Regarding your question: the procedure does not "force" anything. It checks all combinations, that is why you have your 3 different vectors. It is my understanding that the method just scales/normalizes the vector to the first variable.
Regarding your other question: The procedure will calculate the vectors for which the residual has the strongest mean reverting / stationarity properties. If one or more of your variables does not contribute further to these properties then the component for this variable in the vector will indeed be 0. However, if the component value is not 0 then it means that "stronger" cointegration was found by including the extra variable in the model.
Furthermore, you can test test significance of your components. Johansen allows a researcher to test a hypothesis about one or more
coefficients in the cointegrating relationship by viewing the hypothesis as
a restriction on the non-lagged component matrix in the VECM. If there exist r cointegrating vectors, only these linear combinations or linear transformations of them, or combinations of the cointegrating vectors, will be stationary. However, I'm not aware on how to perform these extra checks in R.
Probably, the best way for you to proceed is to first test the combinations that contain a smaller number of variables. You then have the option to not add extra variables to these cointegrating subsets if you don't want to. But as already mentioned, adding other variables can potentially increase the cointegrating properties / stationarity of your residuals. It will depend on your requirements whether or not this is the behaviour you want.
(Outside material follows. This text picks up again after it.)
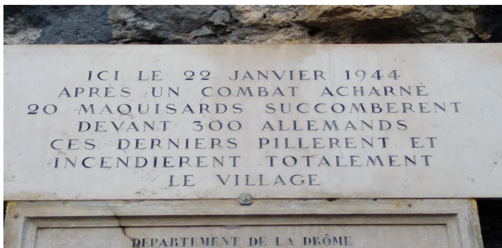
Photo de la plaque commémorative du hameau des Barraques-en-Vercors 4 .

L'une des lettres découverte dans les archives de La Picirella dénonce ce qu'il nomme des "contre-vérités". Il souhaite alors procéder à des rectifications 3 .

I've been searching for an answer to this and I think I found one so I'm sharing with you hoping it's the right solution.
By using the johansen test you test for the ranks (number of cointegration vectors), and it also returns the eigenvectors, and the alphas and betas do build said vectors.
In theory if you reject r=0 and accept r=1 (value of r=0 > critical value and r=1 < critical value) you would search for the highest eigenvalue and from that build your vector. On this case, if the highest eigenvalue was the first, it would be V1*1+V2*(-0.26)+V3*(-0.64).
This would generate the cointegration residuals for these variables.
Again, I'm not 100%, but preety sure the above is how it works.
Nonetheless, you can always use the cajools function from the urca package to create a VECM automatically. You only need to feed it a cajo object and define the number of ranks (https://cran.r-project.org/web/packages/urca/urca.pdf).
If someone could confirm / correct this, it would be appreciated.